■ **Requirement**
Pictures stay out of your copy, but everything else in the records below must be repeated exactly.

==== Dataset records ====

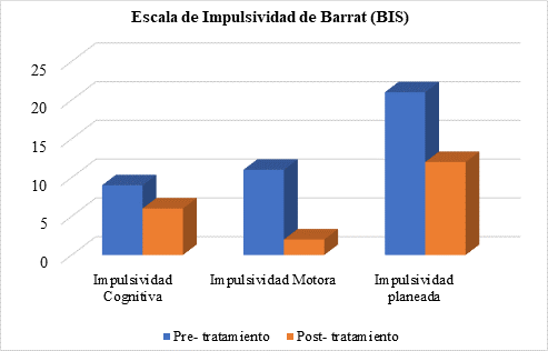En los resultados post-tratamiento, se pudo evidenciar una reducción de los rasgos de ansiedad, así como la disminución de la impulsividad cognitiva, motora y planeada, corroborando que las técnicas cognitivo-conductual y técnicas gestálticas, acompañadas de la entrevista motivacional que contribuyen en la eficacia del tratamiento, coincidiendo con lo indicado por Robledo-Marín et al. (2021)
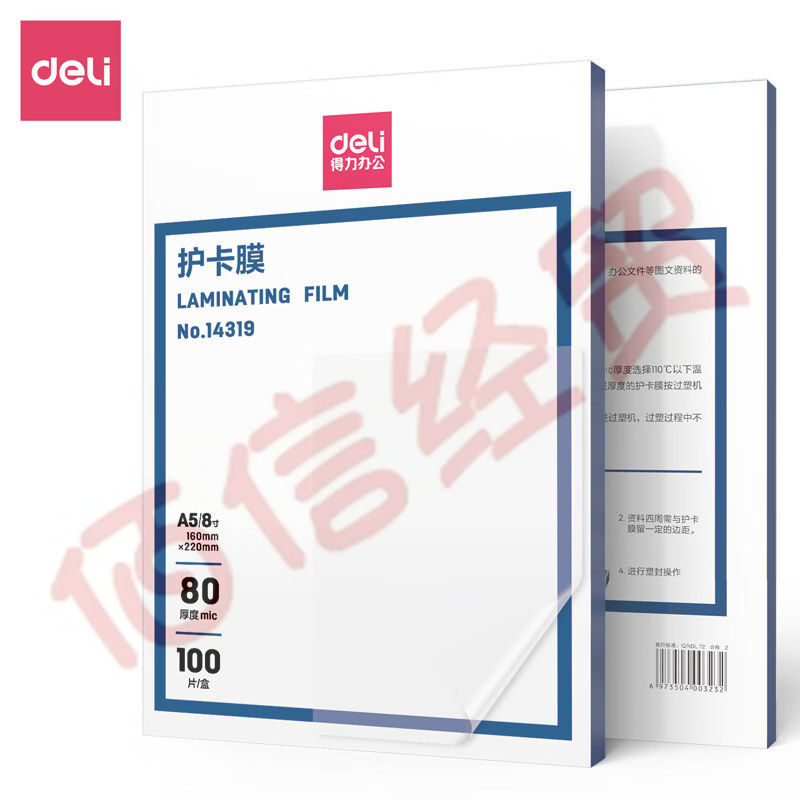 得力14319護卡膜8寸厚度80mic(透明白)(100片/盒)(定制) 自營
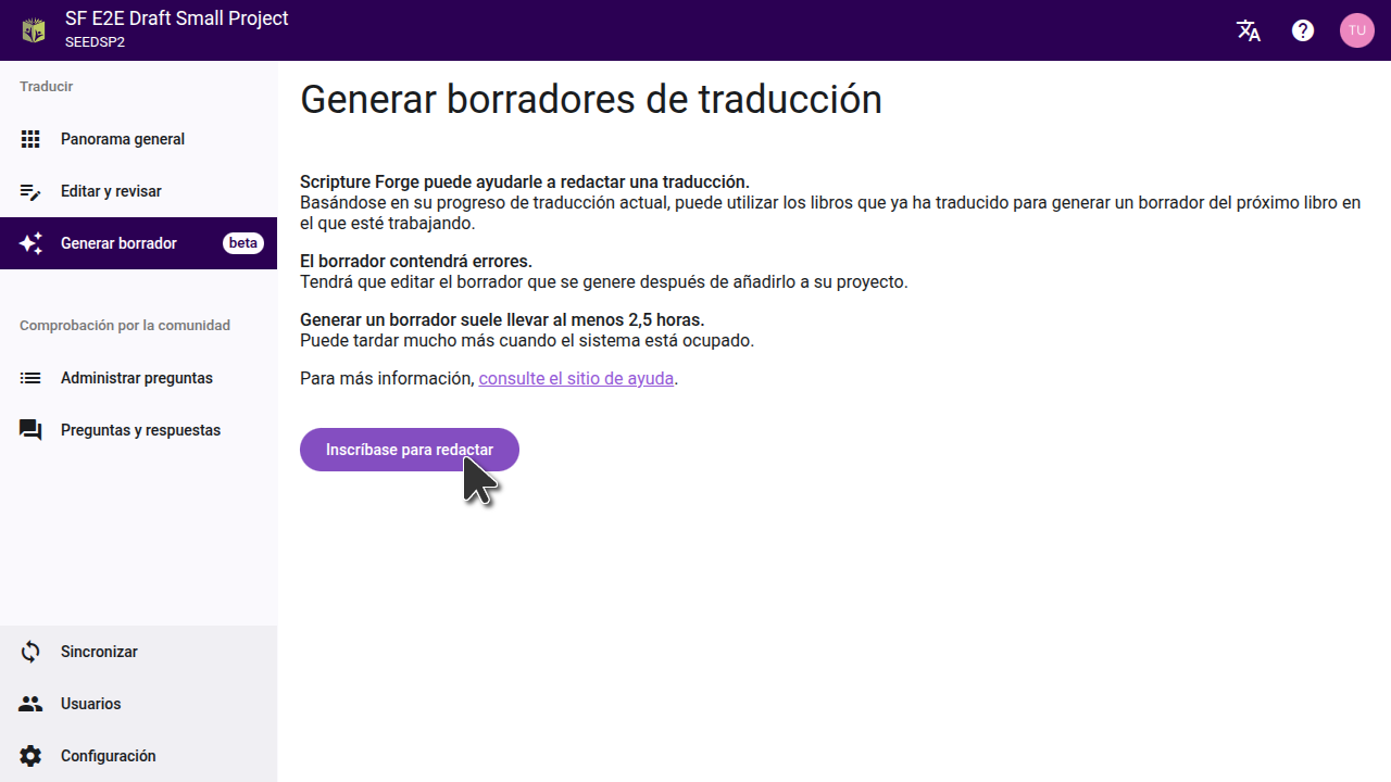 Para generar borradores en Forja de Escritura, haga clic en el botón "Generar borrador" en el menú principal. A continuación, haga clic en el botón "Regístrese para generar borradores" y rellene el formulario que se abre para obtener acceso a su proyecto. Los proyectos de retrotraducción están activados por defecto y no necesitan rellenar el formulario.
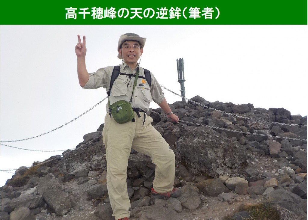 山に登ることがあります。この写真は、坂本龍馬が引き抜いたといわれる伝説の天の逆鉾です。
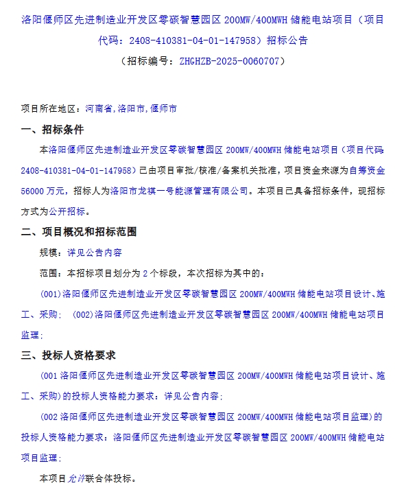 中國儲能網(wǎng)訊:7月7日,洛陽市龍祺一號能源管理有限公司發(fā)布洛陽偃師區(qū)先進制造業(yè)開發(fā)區(qū)零碳智慧園區(qū)200MW/400MWh儲能電站項目招標(biāo)公告。項目位于河南省洛陽市偃師市,一標(biāo)段招EPC總承包,最高投標(biāo)限價55900萬元,折合單價1.398元/Wh,二標(biāo)段招監(jiān)理。
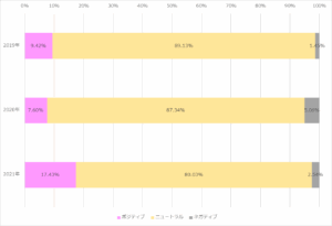前2年分においては10%未満であったポジティブ比率は、一気に17%を超えるまでになり、ネガティブ比率も2%余りに留まっている。

====

■ **Answer box**
En los resultados post-tratamiento, se pudo evidenciar una reducción de los rasgos de ansiedad, así como la disminución de la impulsividad cognitiva, motora y planeada, corroborando que las técnicas cognitivo-conductual y técnicas gestálticas, acompañadas de la entrevista motivacional que contribuyen en la eficacia del tratamiento, coincidiendo con lo indicado por Robledo-Marín et al. (2021)
 得力14319護卡膜8寸厚度80mic(透明白)(100片/盒)(定制) 自營
 Para generar borradores en Forja de Escritura, haga clic en el botón "Generar borrador" en el menú principal. A continuación, haga clic en el botón "Regístrese para generar borradores" y rellene el formulario que se abre para obtener acceso a su proyecto. Los proyectos de retrotraducción están activados por defecto y no necesitan rellenar el formulario.
 山に登ることがあります。この写真は、坂本龍馬が引き抜いたといわれる伝説の天の逆鉾です。
 中國儲能網(wǎng)訊:7月7日,洛陽市龍祺一號能源管理有限公司發(fā)布洛陽偃師區(qū)先進制造業(yè)開發(fā)區(qū)零碳智慧園區(qū)200MW/400MWh儲能電站項目招標(biāo)公告。項目位于河南省洛陽市偃師市,一標(biāo)段招EPC總承包,最高投標(biāo)限價55900萬元,折合單價1.398元/Wh,二標(biāo)段招監(jiān)理。
前2年分においては10%未満であったポジティブ比率は、一気に17%を超えるまでになり、ネガティブ比率も2%余りに留まっている。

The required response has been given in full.